Tuesday, November 28, 2017

474 JESUS' ASSOCIATION WITH PRAYER

YOUCAT Lesson 474
YOUCAT the catechism for Catholic youth

474  How did Jesus learn to pray?


Jesus learned to pray in his family and in the synagogue.  Yet Jesus broke through the boundaries of traditional prayer.  His prayer demonstrates a union with his Father in heaven that is possible only to someone who is the Son of God.  [2598-2599]

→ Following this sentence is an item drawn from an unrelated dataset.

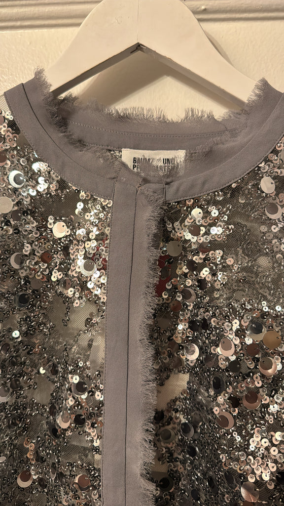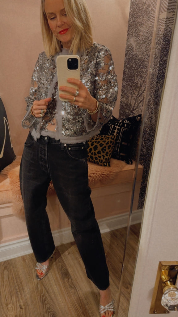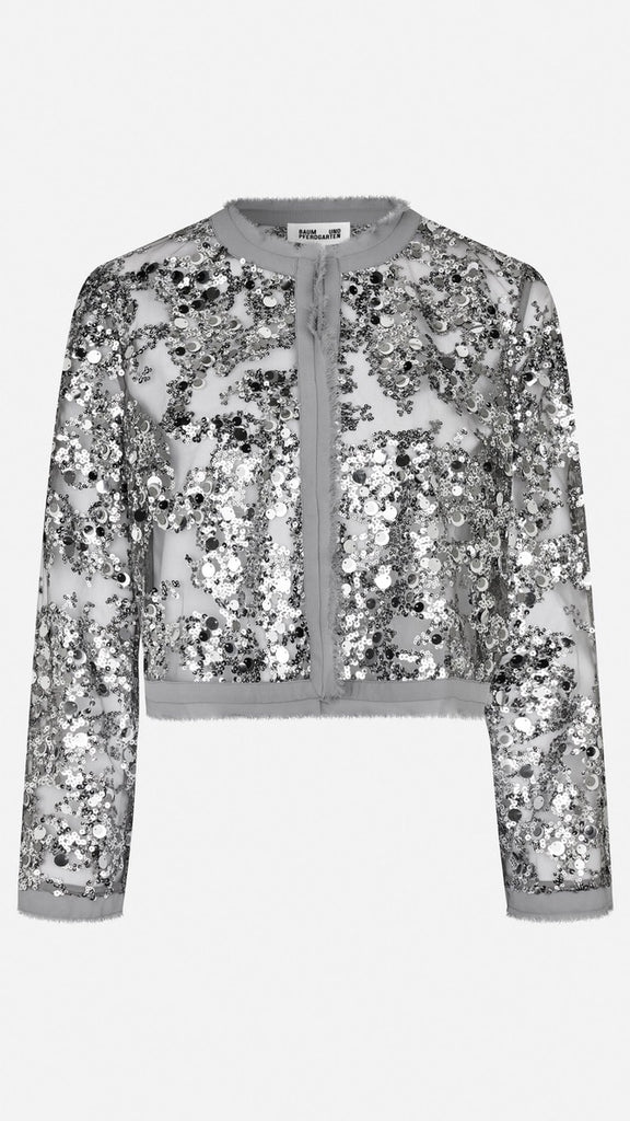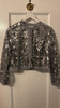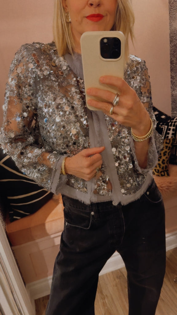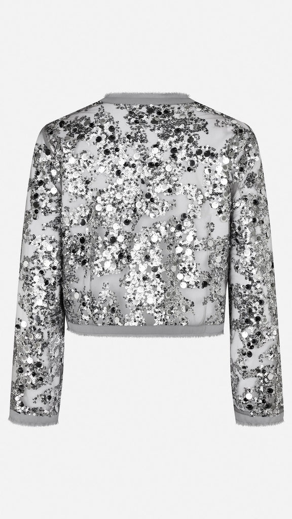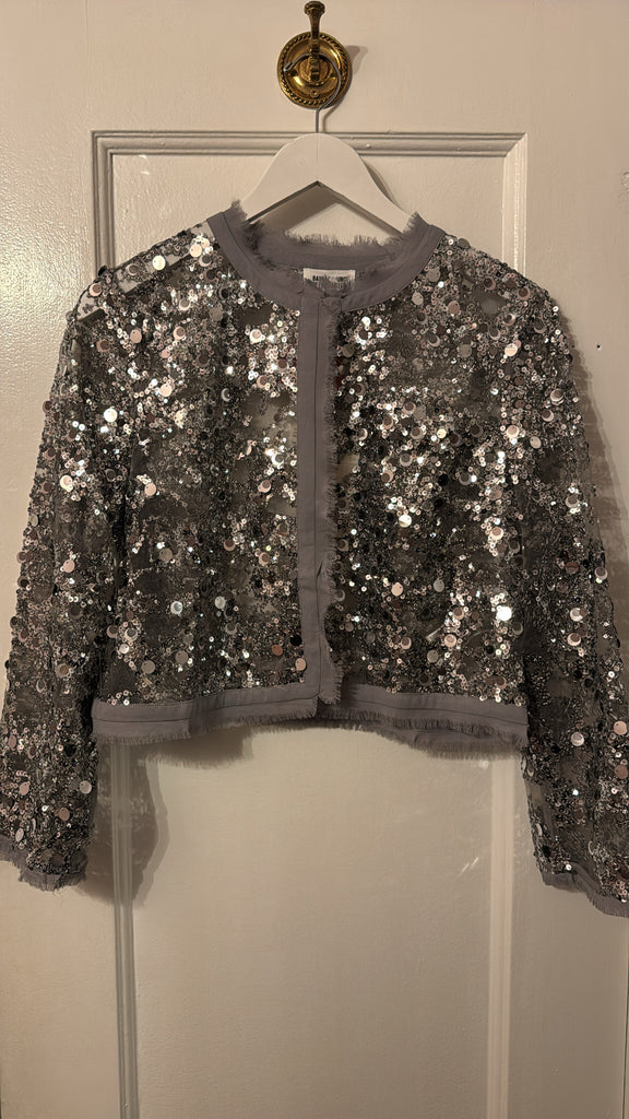 The Bethina Jacket is a cropped sequin jacket. The sheer jacket has many unique details such as a hook closure, sequin detailing and frayed hems.

Jesus  with Mary and Joseph in the Temple  by James Tissot, Brooklyn_Museum. ….. 474







Jesus, who was God and man at the same time, grew up like other Jewish children of his time amid the rituals and prayer formulas of his people, Israel.  Nevertheless, as the story of the twelve-year-old Jesus in the Temple demonstrated (Luke 2:41-45), there was something in him that could not be learned; an original, profound, and unique union with God, his Father in heaven.   Jesus knew, as men hope for, a hereafter in another world, and prayed to God.  At the same time, though, he was also part of that hereafter.  The occasion [of the 12-year old Jesus in the Temple teaching and answering questions of the elders prefigured] that one day people would pray to Jesus, acknowledge him as God, and ask for his grace.

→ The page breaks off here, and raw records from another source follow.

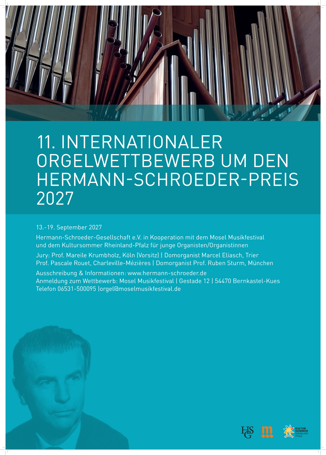Vom 13. bis 19. September 2027 findet der 11. Internationale Orgelwettbewerb um den Hermann-Schroeder-Preis 2027 statt. Austragungsort ist die Abtei Himmerod (Eifel). Zugelassen sind junge Organistinnen und Organisten bis zur Vollendung des 30. Lebensjahres (Stichtag 30.12.2026). Der Wettbewerb besteht aus einem 1. Durchgang (Videoeinsendung), einem 2. Durchgang im Kloster Himmerod (16.9.2027) sowie einem öffentlichen Finalkonzert am 19.9.2027.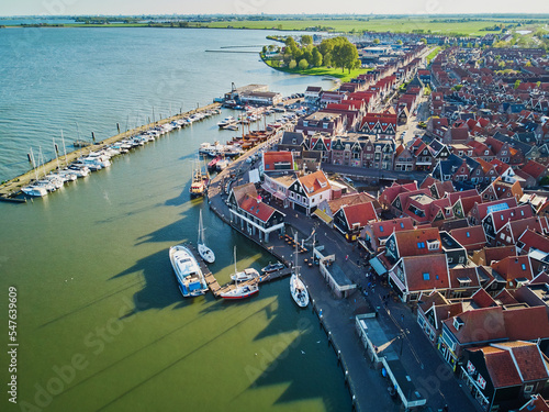 Aerial drone view of picturesque village of Volendam in North Holland, Netherlands
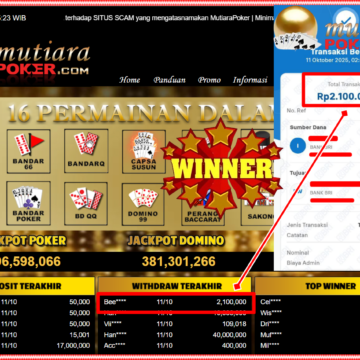 Bukti Withdraw ( 2,100,000,- ) Member Setia MutiaraPoker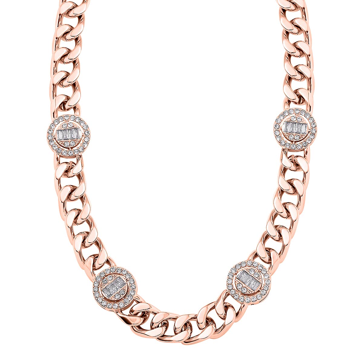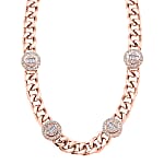 White Austrian Crystal Curb Chain Station Necklace in Rosetone with Extender 20 Inches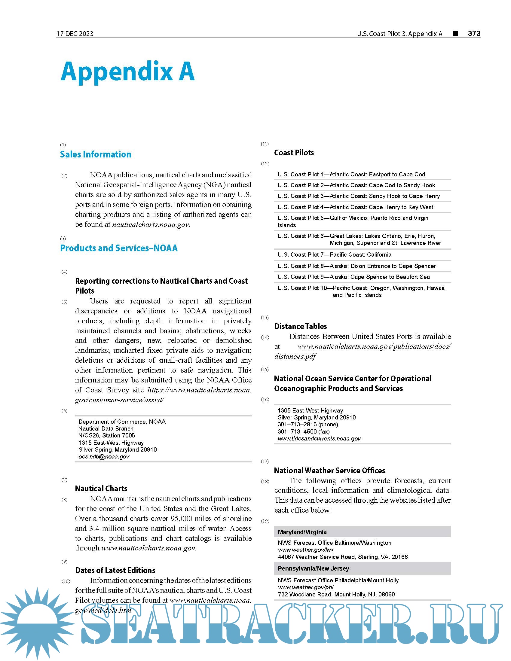Description: The United States Coast Pilot® supplements the navigational information shown on NOAA nautical charts. The publication is continually updated and maintained from inspections conducted by NOAA survey vessels and fi eld parties, corrections published in Notices to Mariners, information from other Federal agencies, State and local governments, maritime and pilots’ associations, port authorities, and concerned mariners.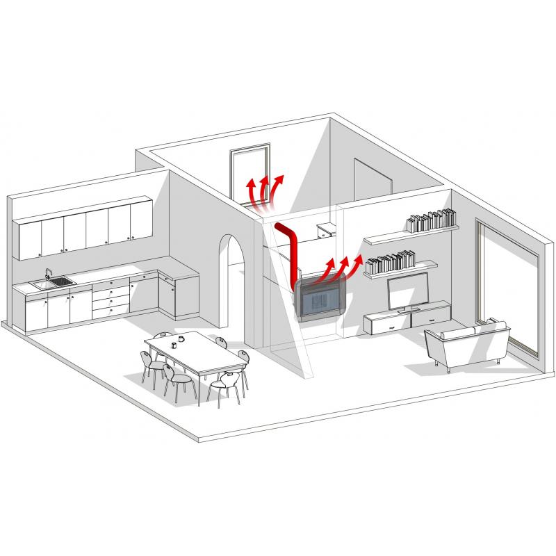 Pour réchauffer un pièce unique adjacente au poêle: Schéma de la canalisation - ANDREA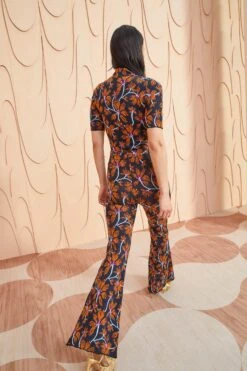 As featured in Look 37 of our Autumn/Winter ’23 Runway Show, the Zena Pant is made from a blend of merino wool and cotton in a textured jacquard pattern with swirling orange, brown, and pink botanicals. These ’70s-inspired pants sit high at the waist and feature flared legs.

“To pray means to think lovingly about Jesus.  Prayer is the soul’s attention that is concentrated on Jesus.  The more you love Jesus, the better you pray.”  Blessed Charles de Foucauld (1858-1916)

[2598-2599]

THE REVELATION OF PRAYER 

ARTICLE 2
IN THE FULLNESS OF TIME

2598 The drama of prayer is fully revealed to us in the Word who became flesh and dwells among us. To seek to understand his prayer through what his witnesses proclaim to us in the Gospel is to approach the holy Lord Jesus as Moses approached the burning bush: first to contemplate him in prayer, then to hear how he teaches us to pray, in order to know how he hears our prayer. –Catechism of the Catholic Church, Second Edition

Jesus prays

2599 The Son of God who became Son of the Virgin also learned to pray according to his human heart. He learns the formulas of prayer from his mother, who kept in her heart and meditated upon all the "great things" done by the Almighty.( Compare Luke 1:49; Lk 2:19; Lk 2:51.)41 He learns to pray in the words and rhythms of the prayer of his people, in the synagogue at Nazareth and the Temple at Jerusalem. But his prayer springs from an otherwise secret source, as he intimates at the age of twelve: "I must be in my Father's house."(Luke 2:49.)42 Here the newness of prayer in the fullness of time begins to be revealed: his filial prayer, which the Father awaits from his children, is finally going to be lived out by the only Son in his humanity, with and for men.